• [Task prompt] Reproduce exactly the lines of this material that begin at the line with "溝に両足を置き(草を踏みつけ" and end at the line with "馬玉山 無添加蔗糖 紅藜麥黑豆核桃飲 360g/12", both included. Omit the pictures and everything else.
[Material for this task — start]
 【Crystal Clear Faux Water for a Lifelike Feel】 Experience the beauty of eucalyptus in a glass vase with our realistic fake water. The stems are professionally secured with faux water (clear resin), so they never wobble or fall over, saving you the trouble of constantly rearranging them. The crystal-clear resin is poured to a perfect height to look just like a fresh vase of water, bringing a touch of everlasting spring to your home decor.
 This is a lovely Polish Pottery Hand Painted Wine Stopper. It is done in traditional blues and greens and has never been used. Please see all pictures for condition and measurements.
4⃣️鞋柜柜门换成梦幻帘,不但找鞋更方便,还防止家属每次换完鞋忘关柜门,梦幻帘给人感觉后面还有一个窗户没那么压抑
[Material for this task — finish]
[Material for this task — start]
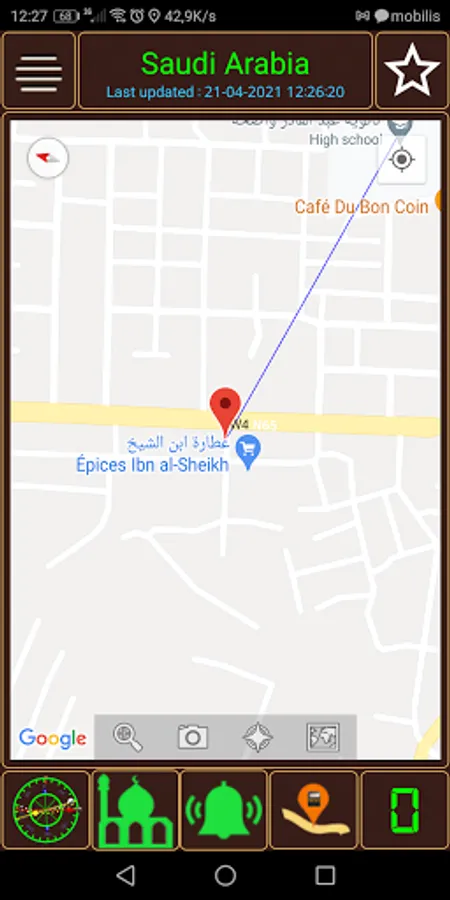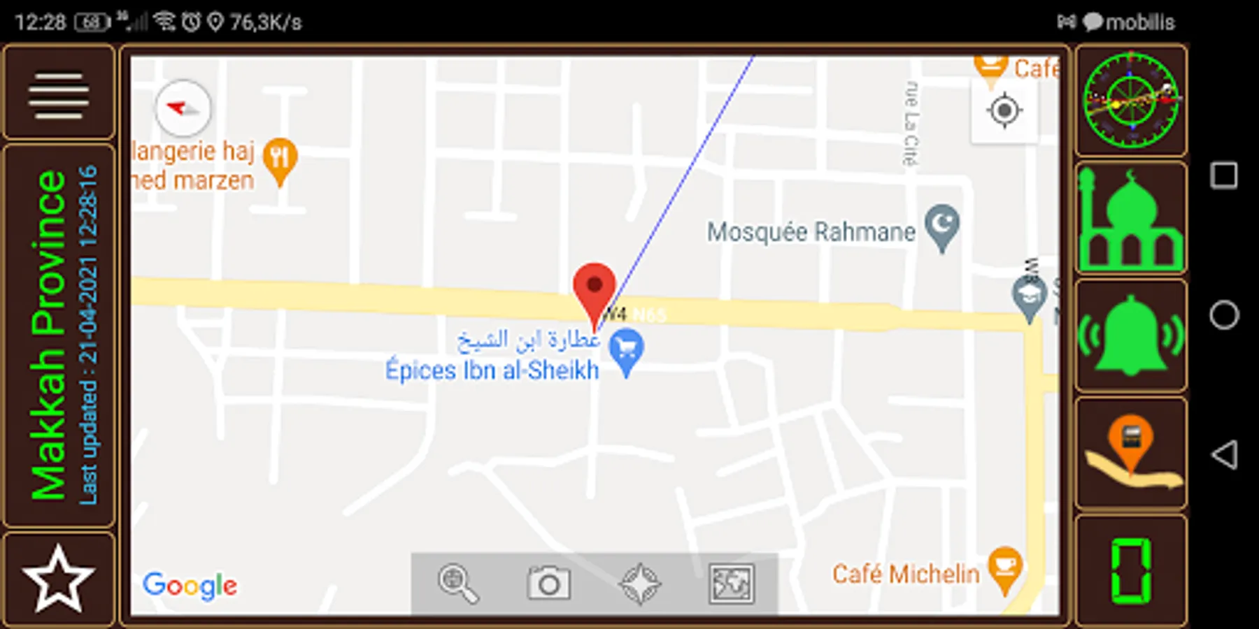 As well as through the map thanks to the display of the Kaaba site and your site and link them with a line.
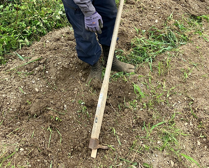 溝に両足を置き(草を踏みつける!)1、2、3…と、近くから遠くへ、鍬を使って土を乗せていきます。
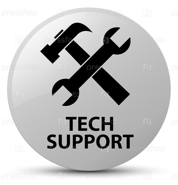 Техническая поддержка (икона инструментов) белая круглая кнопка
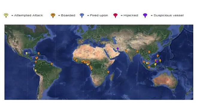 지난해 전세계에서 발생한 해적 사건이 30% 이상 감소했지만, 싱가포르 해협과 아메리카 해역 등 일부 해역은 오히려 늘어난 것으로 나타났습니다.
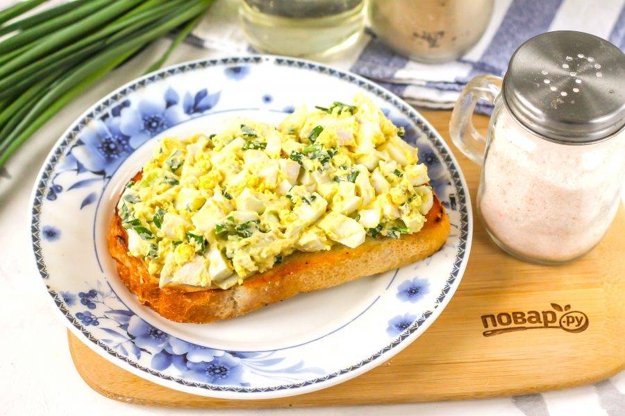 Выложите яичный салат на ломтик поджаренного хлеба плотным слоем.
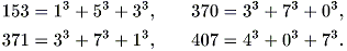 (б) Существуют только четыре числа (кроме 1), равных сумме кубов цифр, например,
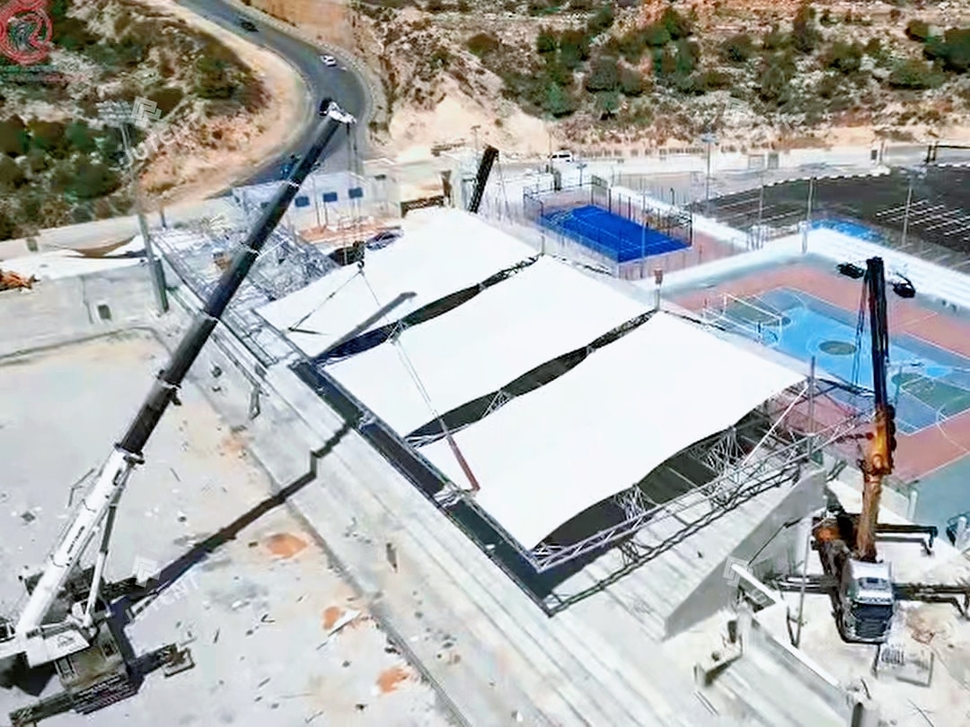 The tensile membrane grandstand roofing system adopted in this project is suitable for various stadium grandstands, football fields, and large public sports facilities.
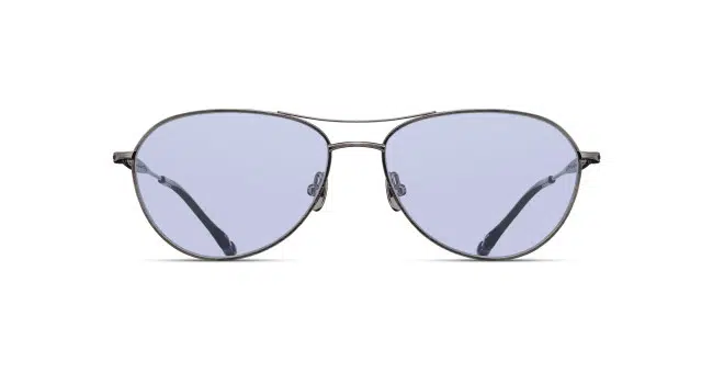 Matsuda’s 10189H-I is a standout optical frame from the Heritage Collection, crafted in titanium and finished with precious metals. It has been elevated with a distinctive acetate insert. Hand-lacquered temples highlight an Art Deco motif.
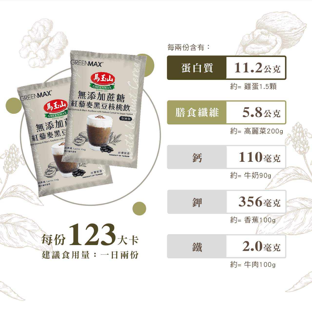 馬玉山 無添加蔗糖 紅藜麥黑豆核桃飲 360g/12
[Material for this task — finish]
• [Answer space]
 溝に両足を置き(草を踏みつける!)1、2、3…と、近くから遠くへ、鍬を使って土を乗せていきます。
 Техническая поддержка (икона инструментов) белая круглая кнопка
 지난해 전세계에서 발생한 해적 사건이 30% 이상 감소했지만, 싱가포르 해협과 아메리카 해역 등 일부 해역은 오히려 늘어난 것으로 나타났습니다.
 Выложите яичный салат на ломтик поджаренного хлеба плотным слоем.
 (б) Существуют только четыре числа (кроме 1), равных сумме кубов цифр, например,
 The tensile membrane grandstand roofing system adopted in this project is suitable for various stadium grandstands, football fields, and large public sports facilities.
 Matsuda’s 10189H-I is a standout optical frame from the Heritage Collection, crafted in titanium and finished with precious metals. It has been elevated with a distinctive acetate insert. Hand-lacquered temples highlight an Art Deco motif.
 馬玉山 無添加蔗糖 紅藜麥黑豆核桃飲 360g/12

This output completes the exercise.